Set an environment variable before running:

```bash
export LMMS_EVAL_USE_CACHE=True
# optional: set the base directory for caches (defaults to ~/.cache/lmms-eval)
export LMMS_EVAL_HOME="/path/to/cache_root"
```

Nothing else is required. When enabled, the model will:
1) load existing JSONL cache files at startup; 2) serve responses from cache; 3) append newly generated responses back to the JSONL files.

### Where cache files live

- Base directory: `$(LMMS_EVAL_HOME:-~/.cache/lmms-eval)/eval_cache/<model_hash>/`
- File name per task and process shard: `{task_name}_rank{rank}_world_size{world_size}.jsonl`
- Record format per line:

```json
{"doc_id": <doc_id>, "response": <string>}
```

Notes:
- The `<model_hash>` is derived from a best‑effort human‑readable model identity (e.g., `model_version`) and the set of task names attached to the model, to avoid collisions.
- Separate files per `rank` and `world_size` make distributed runs safe to cache concurrently.

### How it works at runtime

For models wired to the cache API (e.g., `async_openai`):
- At the beginning of `generate_until(...)` the model calls `load_cache()` and then `get_response_from_cache(requests)`.
- Cached items are returned immediately; only the remaining requests are forwarded to the backend.
- After each response is produced, `add_request_response_to_cache(...)` appends a JSONL record.

The cache key is the tuple `(task_name, doc_id)`. Ensure your task produces stable `doc_id`s across runs.
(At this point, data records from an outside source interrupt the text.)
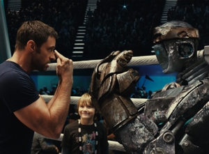 Structurally, the film is much like Rocky, the way an underdog is trained, the way the fights build, and the way an unlikely contender gets a climactic championship fight. Jackman is charming as down-and-out Charlie Kenton, and he has decent chemistry with both young Goyo and a romantic interest (Evangeline Lilly, Lost) that has about as much to do in the film as Adrian did in Rocky. This film is all about cast-offs and losers redeeming themselves, and a father and son discovering each other—with action that will remind Baby Boomers of the old Rock’em Sock’em Robots.
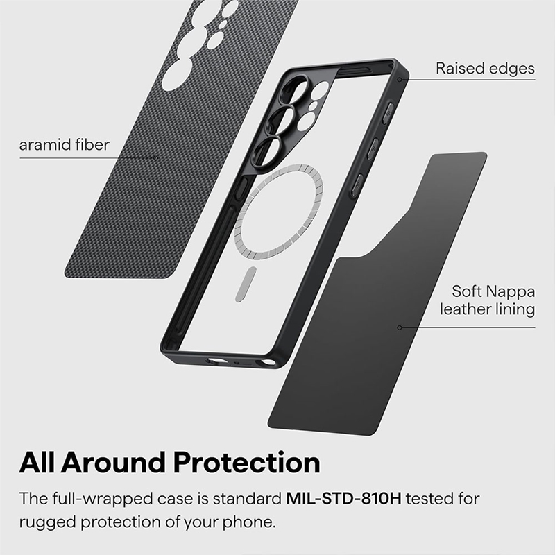 استفاده از فیبر آرامید 600D، که هم در صنعت هوافضا و هم در تجهیزات نظامی کاربرد دارد، باعث شده این قاب در برابر خطوخش، ضربه و سایش کاملاً مقاوم باشد؛ در عین حال، فوقالعاده سبک و خوشدست باقی بماند.
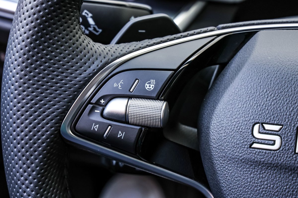 Pola dotykowe na kierownicy i niepraktyczne sterowanie wycieraczkami – pokrętłem. / fot. Daniela Loof/AZ
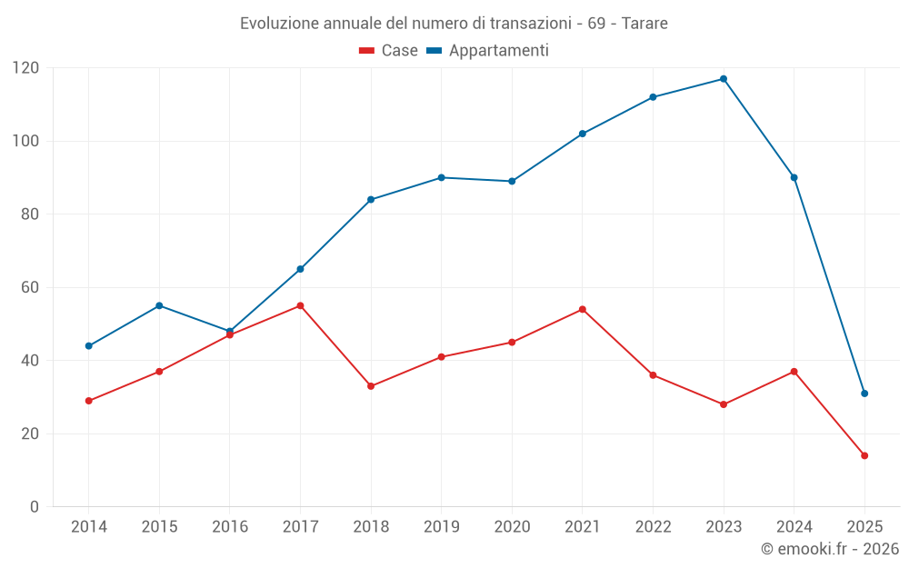 Il prezzo mediano sulle 31 transazioni di appartamenti degli ultimi 6 mesi nel comune di Tarare era di 1 607 € al metro quadrato per un valore patrimoniale mediano di 110 000 €. In questo periodo il 60% delle transazioni era tra 1 094 e 2 221 € al metro quadrato (dal 2° all'8° decile).
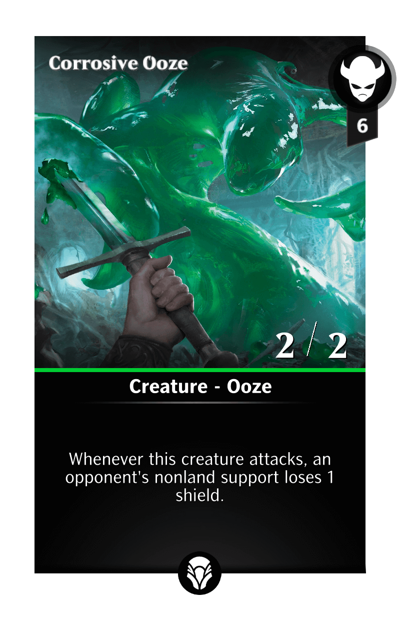 Whenever this creature attacks, an opponent’s nonland support loses 1 shield.
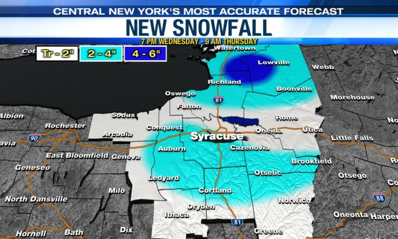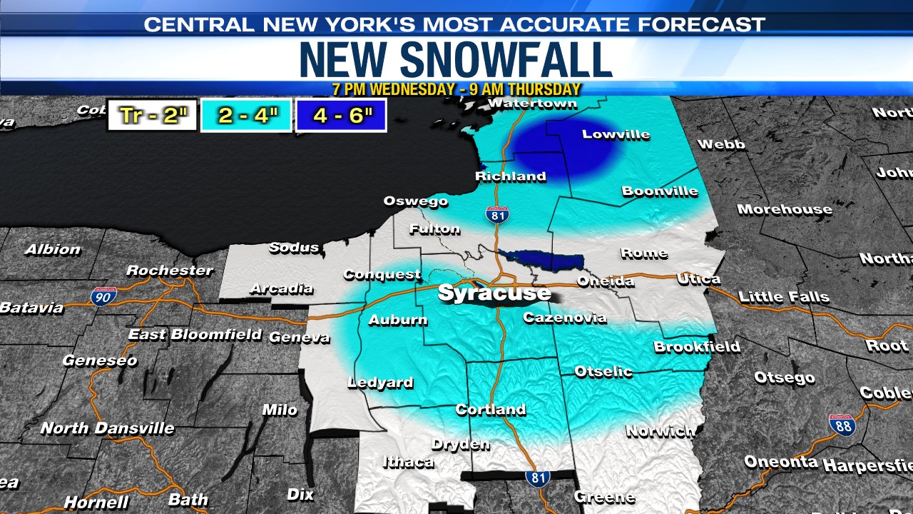 Another coating to as much as an inch or two of fluffy snow could fall Thursday morning south and southeast of Lake Ontario, especially in the hills south of Syracuse. Any lake effect snow showers taper off during the midday/afternoon.

### Example: use with async_openai

```bash
export OPENAI_API_BASE="http://localhost:8000/v1"
export OPENAI_API_KEY="EMPTY"          # if your server allows it
export LMMS_EVAL_USE_CACHE=True         # enable JSONL cache
# optional: export LMMS_EVAL_HOME to relocate cache root

python -m lmms_eval \
  --model async_openai \
  --model_args model_version=grok-2-latest,base_url=$OPENAI_API_BASE,api_key=$OPENAI_API_KEY \
  --tasks <your_task> \
  --batch_size 1 \
  --output_path ./logs/
```

On a second run with the same task/docs, cached responses will be loaded and only missing documents will call the model.

### Inspect or clear the cache

- Inspect: open the task JSONL file(s) under the model’s cache directory and view records.
- Clear: delete the corresponding JSONL file(s) or the entire `<model_hash>` directory to force re‑evaluation.

### Notes and limitations

- The JSONL cache is keyed by `task_name` and `doc_id`. Changing task names or document IDs invalidates reuse.
- Responses are cached as final strings. If your model emits intermediate tool calls, the final message (including any inline annotations) is what gets cached.
- Distributed runs write to per‑rank files to avoid contention; reusing the cache works across single‑ and multi‑GPU as long as `task_name`/`doc_id` match.
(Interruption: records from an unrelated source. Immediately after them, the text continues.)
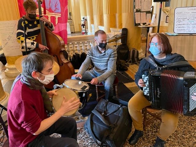 ولم يمارس الفنانون حرفتهم منذ أكثر من عام، ولتوعية المواطن الفرنسي حول ظروفهم الاقتصادية والمهنية السيئة يقوم هؤلاء الفنانون بتقديم حفلات مجانية أمام مسرح أوديون بالرغم من منع تلك العروض من قبل السلطات الفرنسية لأكثر من مرة منذ احتلال المسرح قبل شهر ونصف الشهر.
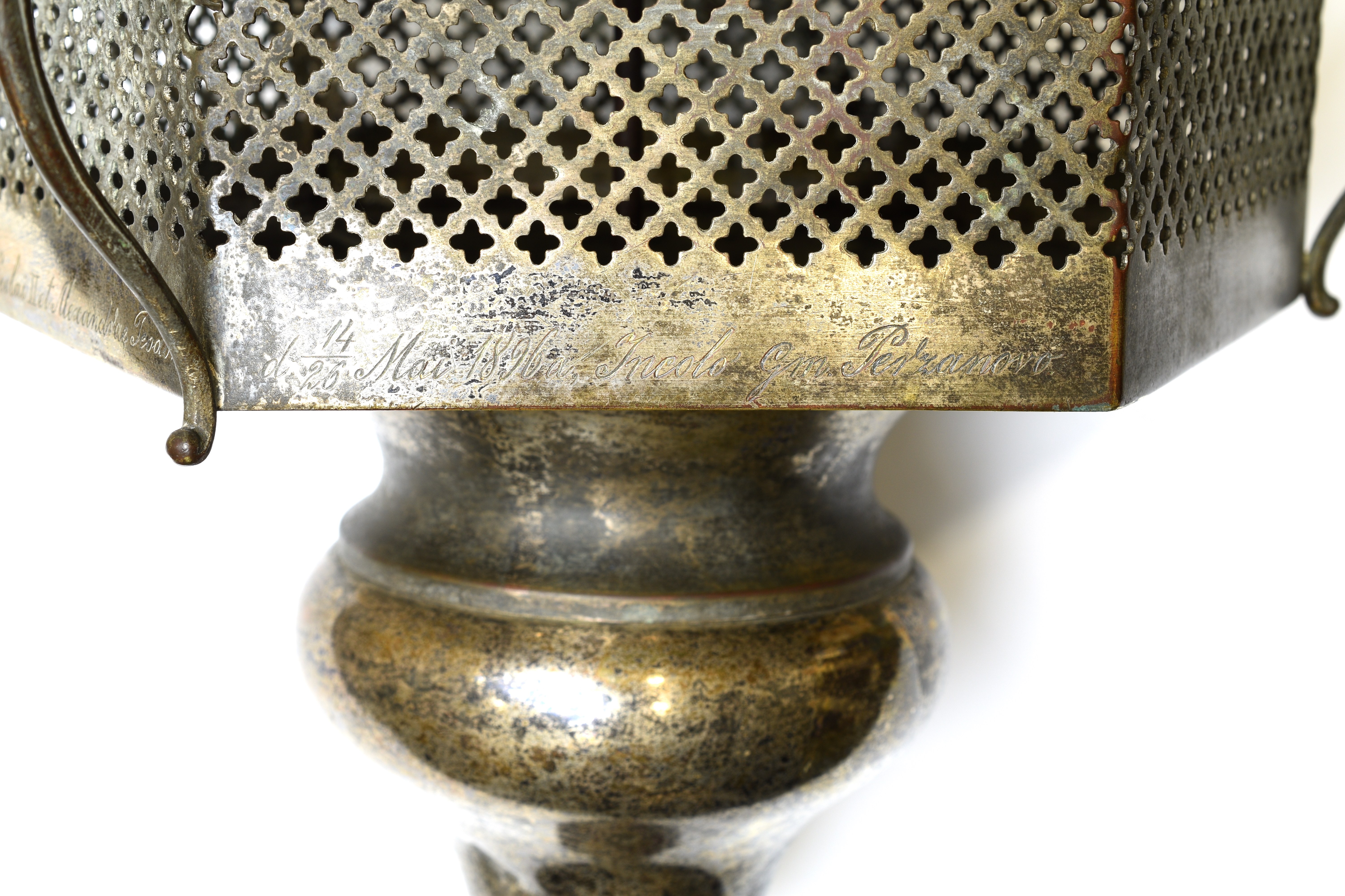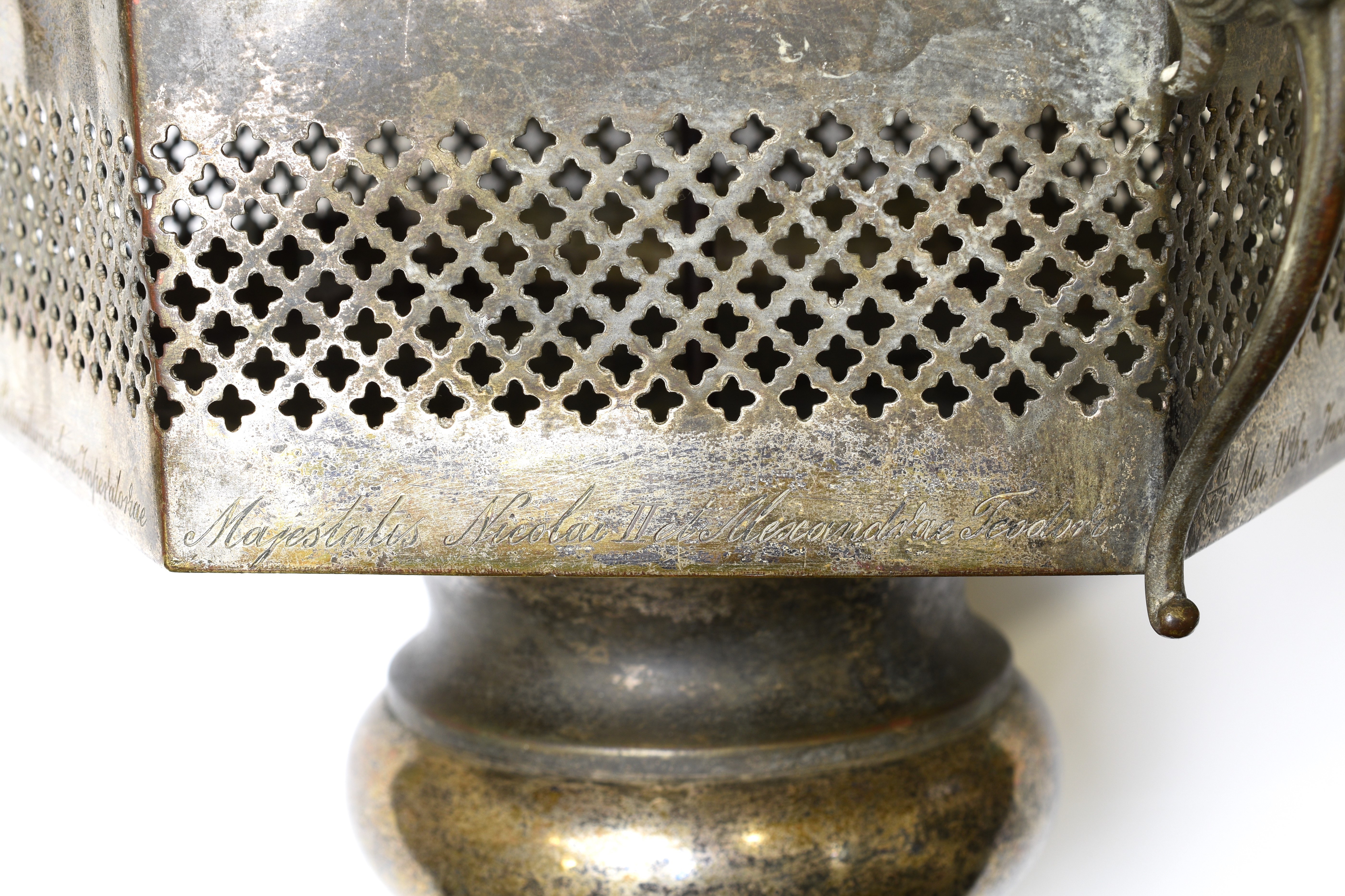 Bardzo ciekawa 3-częściowa lampa kościelna ufundowana przez mieszkańców gminy Perzanowo z okazji koronacji Mikołaja II na cara Rosji.
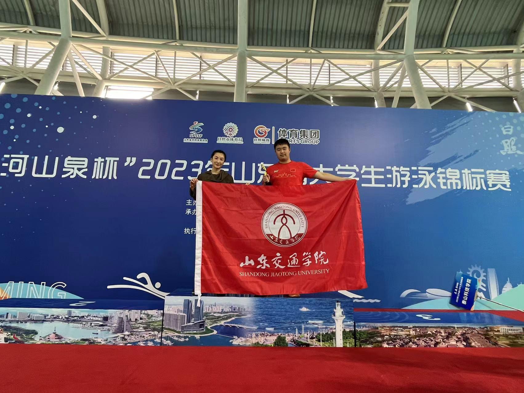近日,2023年山东省大学生游泳锦标赛在日照游泳中心落下帷幕。我校游泳队在比赛中获得男子甲组团体“第六名”,队员赵子豪夺得200米自由泳冠军和50米自由泳亚军。

### Optional: legacy SQLite cache wrapper

There is also a separate optional wrapper `CachingLMM` (see `lmms_eval.api.model.CachingLMM`) that caches by hashing the entire call arguments to a SQLite DB (via `SqliteDict`). It is independent from the JSONL cache above and can be useful for broader API‑level caching. For most users, enabling `LMMS_EVAL_USE_CACHE=True` is sufficient and simpler.